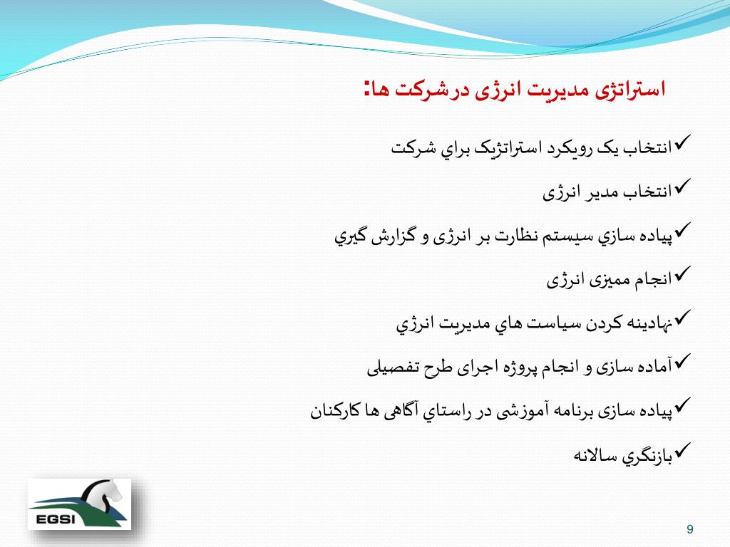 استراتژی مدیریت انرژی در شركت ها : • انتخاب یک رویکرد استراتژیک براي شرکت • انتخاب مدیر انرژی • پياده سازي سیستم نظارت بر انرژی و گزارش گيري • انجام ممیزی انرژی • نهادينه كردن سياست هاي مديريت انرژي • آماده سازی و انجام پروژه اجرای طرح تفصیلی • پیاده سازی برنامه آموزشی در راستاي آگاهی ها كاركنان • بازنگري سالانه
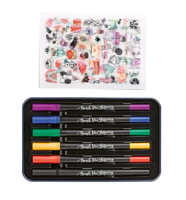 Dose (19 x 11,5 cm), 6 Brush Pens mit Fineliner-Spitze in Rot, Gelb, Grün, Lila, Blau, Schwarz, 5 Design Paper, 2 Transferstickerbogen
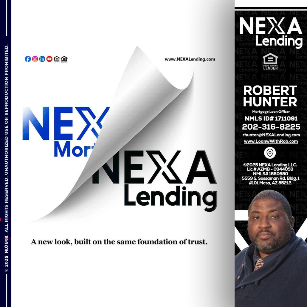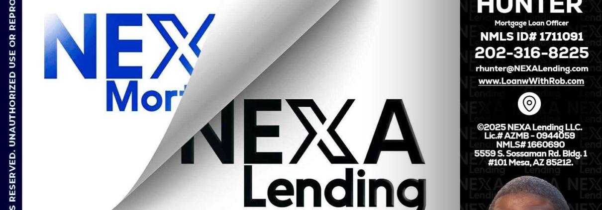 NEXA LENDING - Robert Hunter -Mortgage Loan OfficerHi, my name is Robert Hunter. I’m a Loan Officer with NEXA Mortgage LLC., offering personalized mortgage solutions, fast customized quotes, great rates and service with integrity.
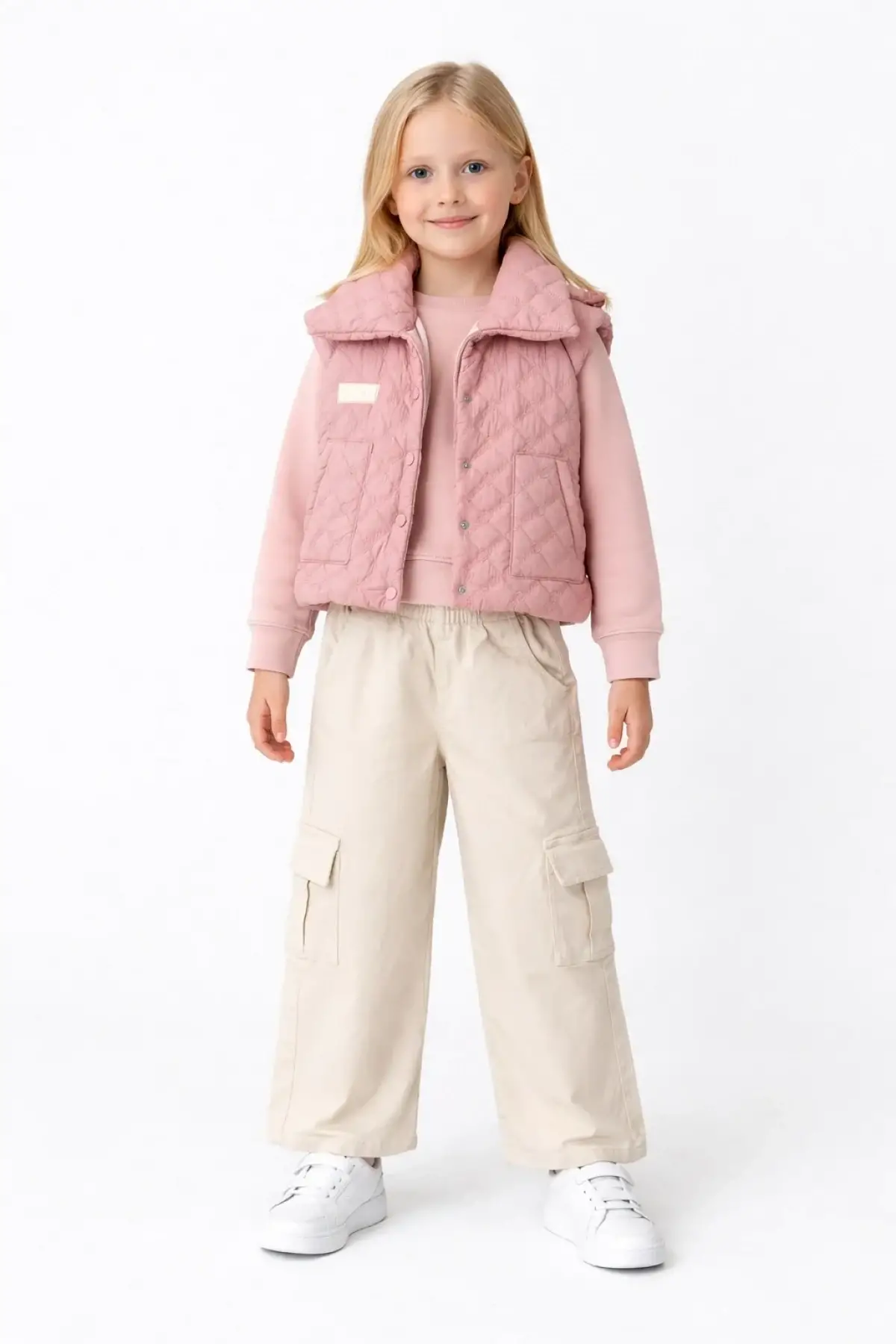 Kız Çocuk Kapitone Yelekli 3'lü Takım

* * *

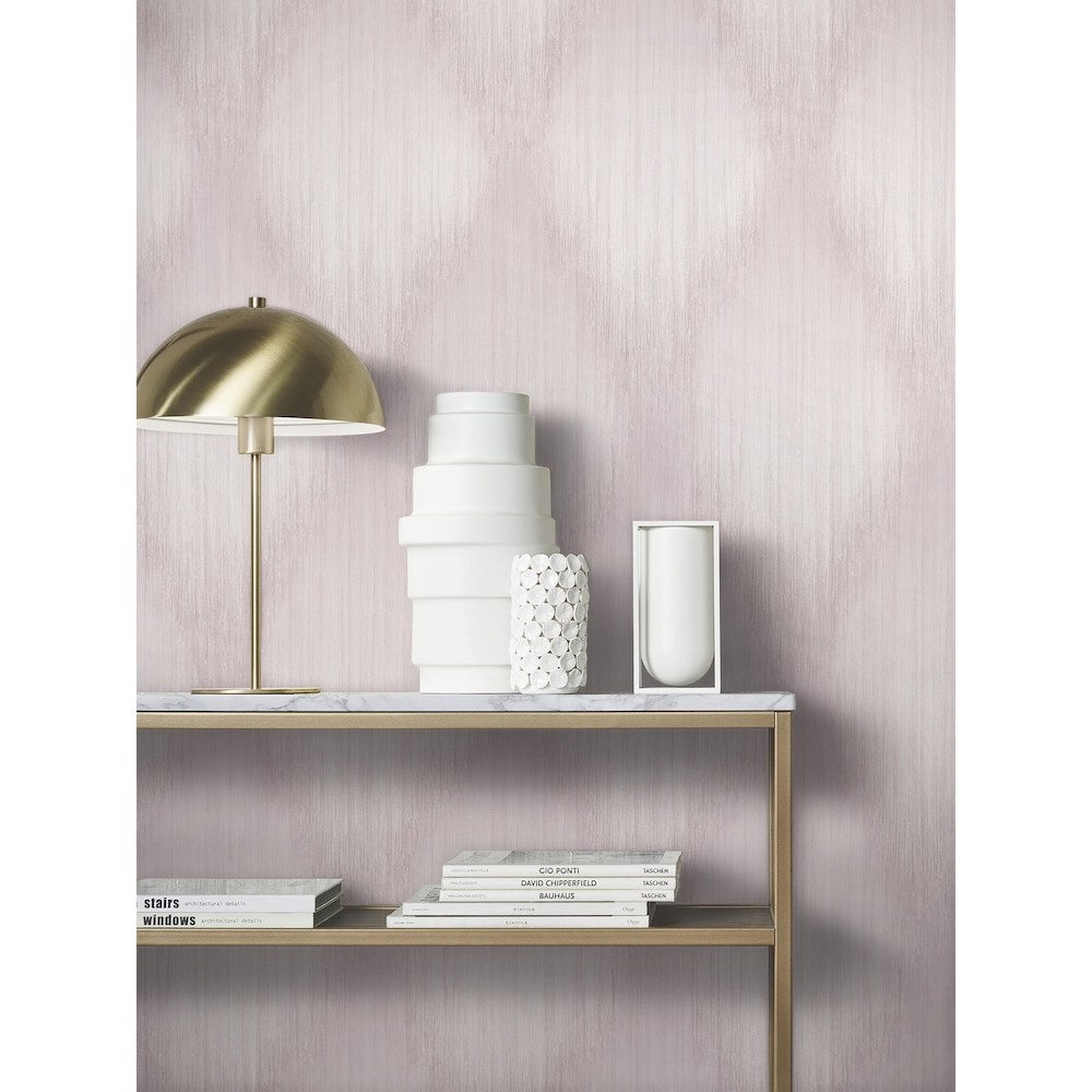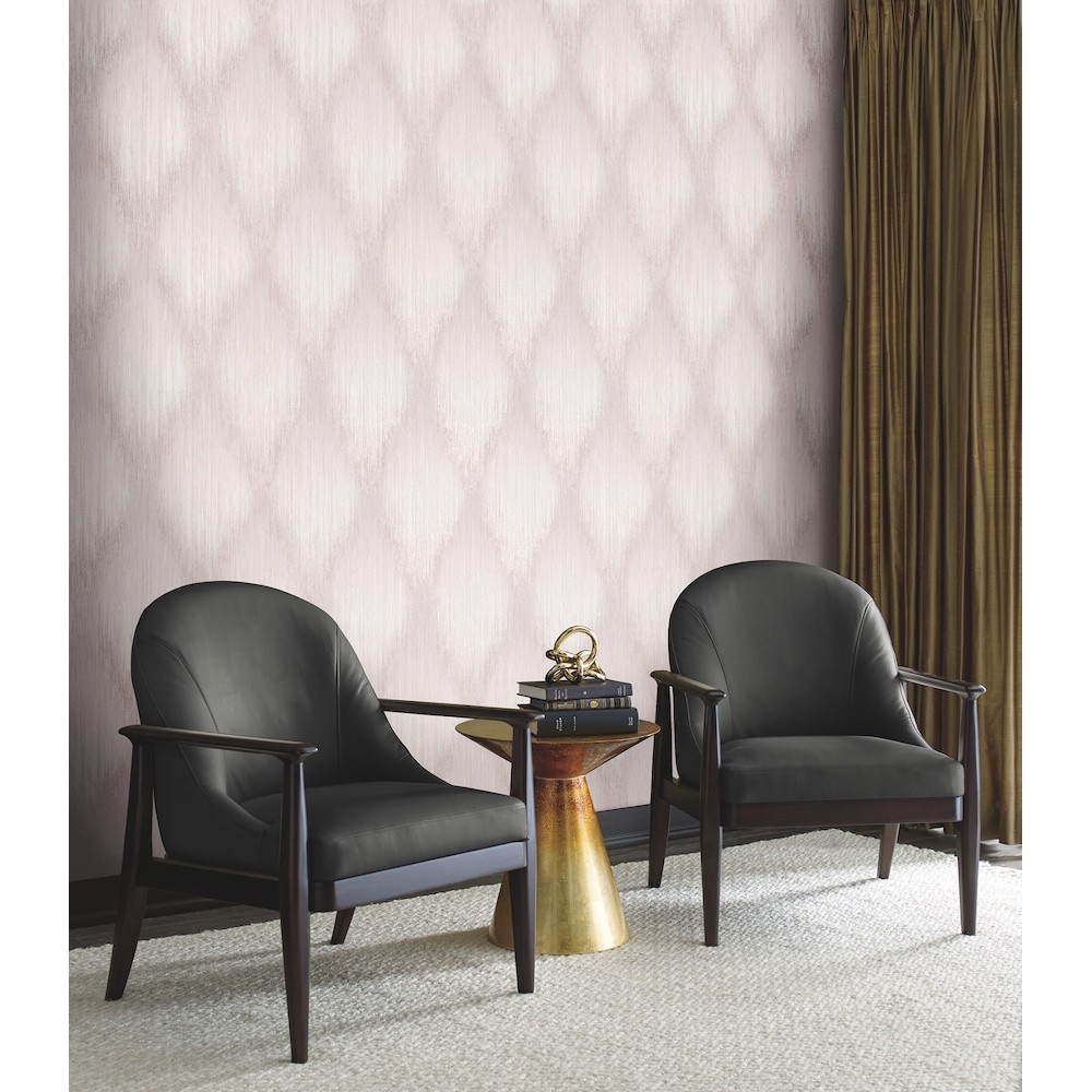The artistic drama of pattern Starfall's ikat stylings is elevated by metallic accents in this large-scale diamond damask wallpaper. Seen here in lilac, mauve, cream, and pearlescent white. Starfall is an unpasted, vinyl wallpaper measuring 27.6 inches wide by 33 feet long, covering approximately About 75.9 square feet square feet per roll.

---

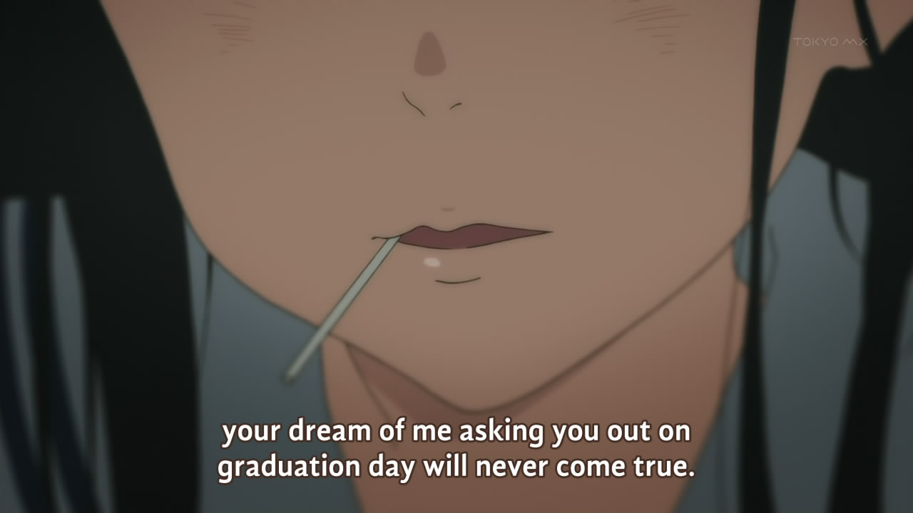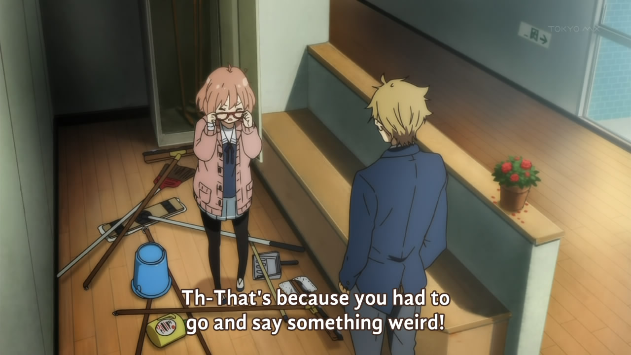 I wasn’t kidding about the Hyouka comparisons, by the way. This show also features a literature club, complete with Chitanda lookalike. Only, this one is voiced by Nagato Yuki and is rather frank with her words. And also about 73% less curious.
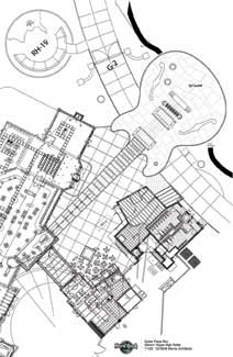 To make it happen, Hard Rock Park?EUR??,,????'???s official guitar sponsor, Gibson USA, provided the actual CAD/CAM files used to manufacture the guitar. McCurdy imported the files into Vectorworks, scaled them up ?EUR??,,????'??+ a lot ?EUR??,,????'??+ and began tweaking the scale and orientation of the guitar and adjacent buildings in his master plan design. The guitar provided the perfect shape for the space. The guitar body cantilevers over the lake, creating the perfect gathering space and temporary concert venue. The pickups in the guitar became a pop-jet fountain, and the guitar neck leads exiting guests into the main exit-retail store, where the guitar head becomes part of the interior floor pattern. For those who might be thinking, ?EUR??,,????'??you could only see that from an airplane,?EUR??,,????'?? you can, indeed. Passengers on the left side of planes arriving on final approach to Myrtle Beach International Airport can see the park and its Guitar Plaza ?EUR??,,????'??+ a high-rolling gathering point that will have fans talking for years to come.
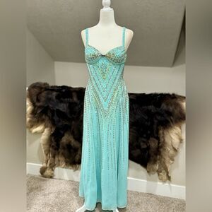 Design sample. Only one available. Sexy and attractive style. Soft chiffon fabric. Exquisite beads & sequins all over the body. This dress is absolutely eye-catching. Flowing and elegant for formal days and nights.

== Task requirements ==
Given the listing above, repeat exactly the lines starting at the one with "NEXA LENDING - Robert" and ending at the one with "Kız Çocuk Kapitone Yelekli 3'lü Takım", inclusive, excluding pictures.

== Problem solution ==
 NEXA LENDING - Robert Hunter -Mortgage Loan OfficerHi, my name is Robert Hunter. I’m a Loan Officer with NEXA Mortgage LLC., offering personalized mortgage solutions, fast customized quotes, great rates and service with integrity.
 Kız Çocuk Kapitone Yelekli 3'lü Takım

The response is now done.